The Fate of Private Student Loans
I have never hid my opinion from our readers that, if given a choice, federal student loans are far superior to private student loans. Federal student loans have lower interest rates, more favorable terms (such as income-based loan repayment), don’t require a co-signer, and freeze your repayments and interest while you’re in school. All these factors, coupled with the instability of the private loan market starting last fall, make federal student loans a much better option than private student loans for students.
Congress concurs, which is why a House committee recently took up a bill to more closely regulate private student loans within its overhaul of banking regulations. The Consumer Financial Protection Agency Act of 2009 created a new centralized federal agency to oversee various forms of consumer credit, including private student loans, credit cards and mortgages.
Meanwhile, the College Board issued its Trends in Student Aid Report, which shows that the amount of private student loans taken out in 2007-2008 dropped by more than 50 percent from the previous year. In 2009, students privately borrowed $11 billion — representing just 13% of the total student loan market for that year. In 2006-2007, $22.8 billion was borrowed, or 25% of the total market.
Did everyone suddenly realize that federal loans were a better deal? Maybe, but there not necessarily, say the experts.
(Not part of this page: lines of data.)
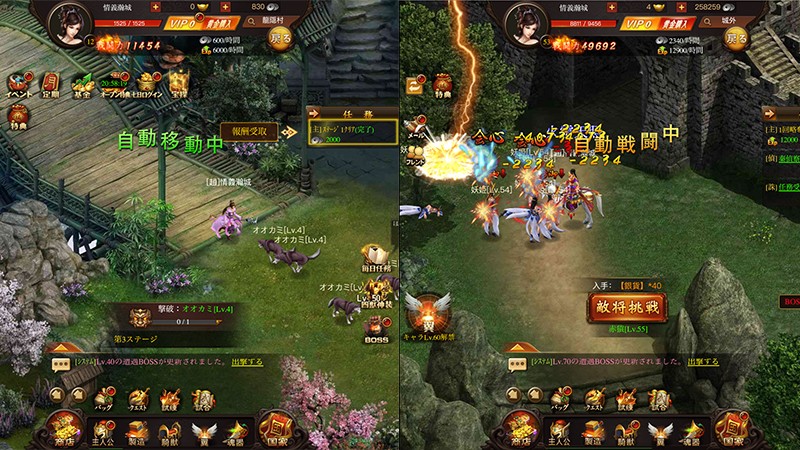 ▲キャラクターの移動は「手動」と「自動」に適宜切り替えが可能。手動の場合は任意の場所をクリックすることでキャラクターが追随して移動し、クエスト目標がある場合には自動で移動させることもできる。これは戦闘に関しても同様で、自動に設定すればオートバトルでサクサクと進行するため非常に楽だ。
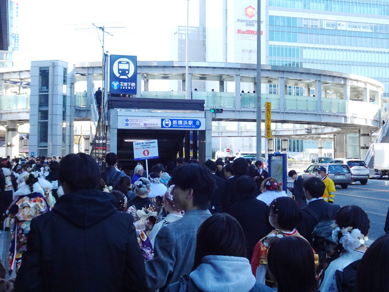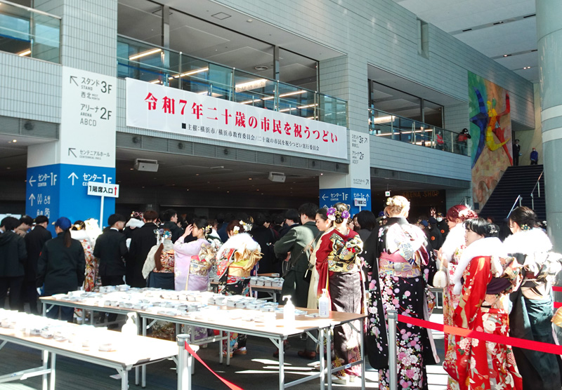 旧成人式の時代から全国最大規模の式典とされており、当日は着付けを行うホテルをはじめとして新横浜の街が大混雑します。会場周辺は交通規制と入場規制が行われ、参加対象者以外は横浜アリーナの玄関前へ近づくことができなくなります。
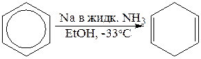 При восстановлении ароматических соединений натрием Na (калием K, литием Li) в жидком аммиаке, обычно в присутствии спирта (EtOH, i-PrOH, t-BuOH), идет 1,4-присоединение, и образуются несопряженные 1,4-циклогексадиены:
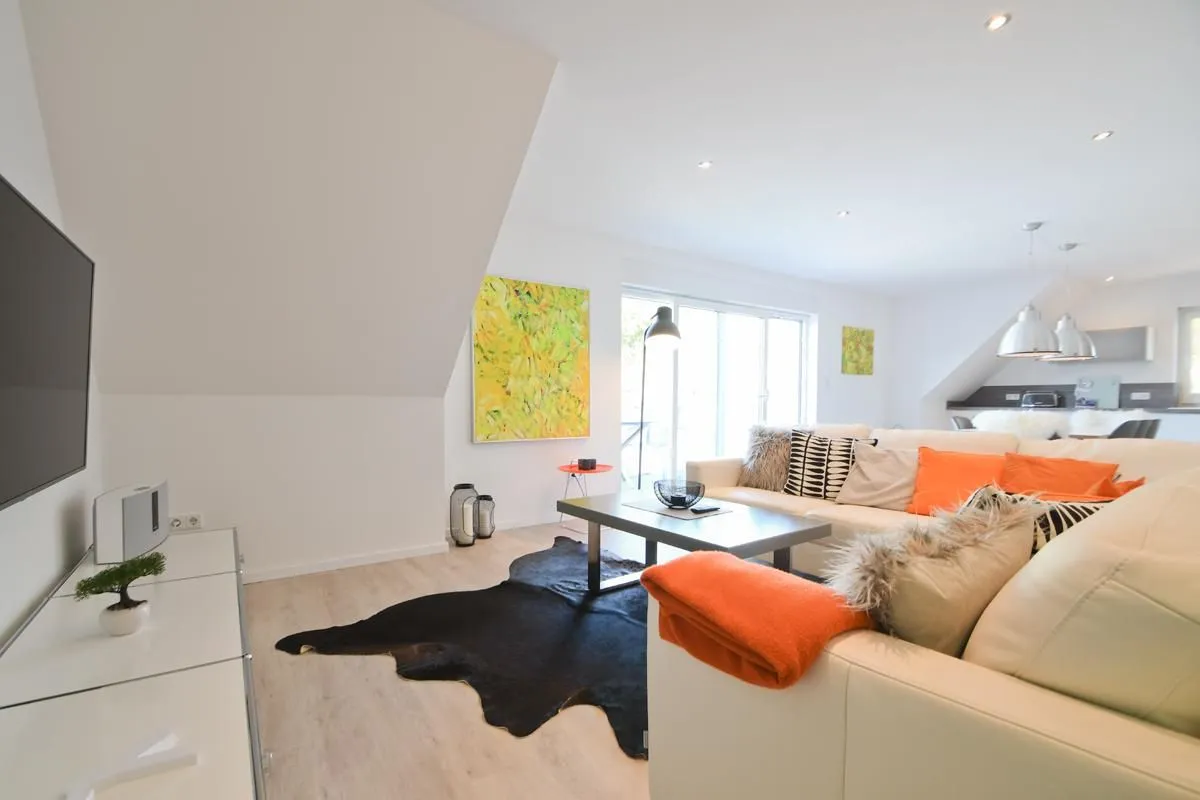 Sie erwartet eine moderne, exklusive, helle und 120 qm Nichtraucher-Wohnung. Diese befindet sich am Nordstrand der Insel und bietet Platz für max. 6 Personen. Diese attraktive Obergeschoss-Wohnung befindet sich in ruhiger und strandnaher Lage. Ca. 10 Minuten fahren Sie mit dem Fahrrad direkt ins Zentrum und sind somit direkt im Geschehen.

There were a variety of factors that led to the scale-back, including:
- Tightening up of the financial markets — there are now fewer private lenders, with tighter restrictions on eligible borrowers
- More families are qualifying for federal student loans now, with so many out-of-work parents
- Congress increased the federal limits on federal student loans from $23K to $31K for ‘dependent’ undergrads recently — more money to borrow federally, making private loans less necessary
Are you seeing this trend in your family? Do you prefer federal student loans to private student loans?